— Extracted entries —

==================================================

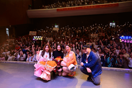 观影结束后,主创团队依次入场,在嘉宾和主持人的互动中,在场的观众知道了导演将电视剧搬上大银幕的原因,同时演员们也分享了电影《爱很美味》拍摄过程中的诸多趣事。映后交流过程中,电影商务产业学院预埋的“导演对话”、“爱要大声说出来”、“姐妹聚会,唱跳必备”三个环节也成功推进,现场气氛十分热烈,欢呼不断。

==================================================

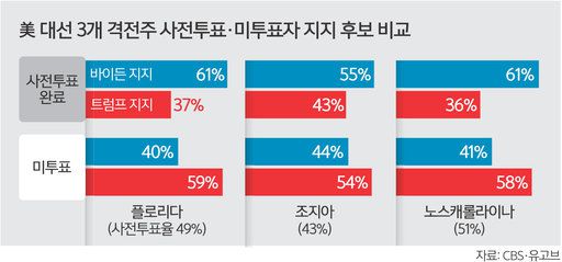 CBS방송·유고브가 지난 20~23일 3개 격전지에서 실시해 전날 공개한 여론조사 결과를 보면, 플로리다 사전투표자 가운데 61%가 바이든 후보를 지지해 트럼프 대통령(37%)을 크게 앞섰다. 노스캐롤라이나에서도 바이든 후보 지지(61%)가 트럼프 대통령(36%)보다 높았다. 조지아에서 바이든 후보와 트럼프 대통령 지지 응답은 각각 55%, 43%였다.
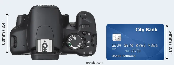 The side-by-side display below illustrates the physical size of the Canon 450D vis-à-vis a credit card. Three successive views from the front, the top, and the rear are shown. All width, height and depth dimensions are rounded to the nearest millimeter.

==================================================

— What you should do —
Exact copy, pictures excluded: every line above from the one containing "CBS방송·유고브가 지난 20~23일" to the one containing "The side-by-side display", inclusive, and nothing more.

— Response below —
 CBS방송·유고브가 지난 20~23일 3개 격전지에서 실시해 전날 공개한 여론조사 결과를 보면, 플로리다 사전투표자 가운데 61%가 바이든 후보를 지지해 트럼프 대통령(37%)을 크게 앞섰다. 노스캐롤라이나에서도 바이든 후보 지지(61%)가 트럼프 대통령(36%)보다 높았다. 조지아에서 바이든 후보와 트럼프 대통령 지지 응답은 각각 55%, 43%였다.
 The side-by-side display below illustrates the physical size of the Canon 450D vis-à-vis a credit card. Three successive views from the front, the top, and the rear are shown. All width, height and depth dimensions are rounded to the nearest millimeter.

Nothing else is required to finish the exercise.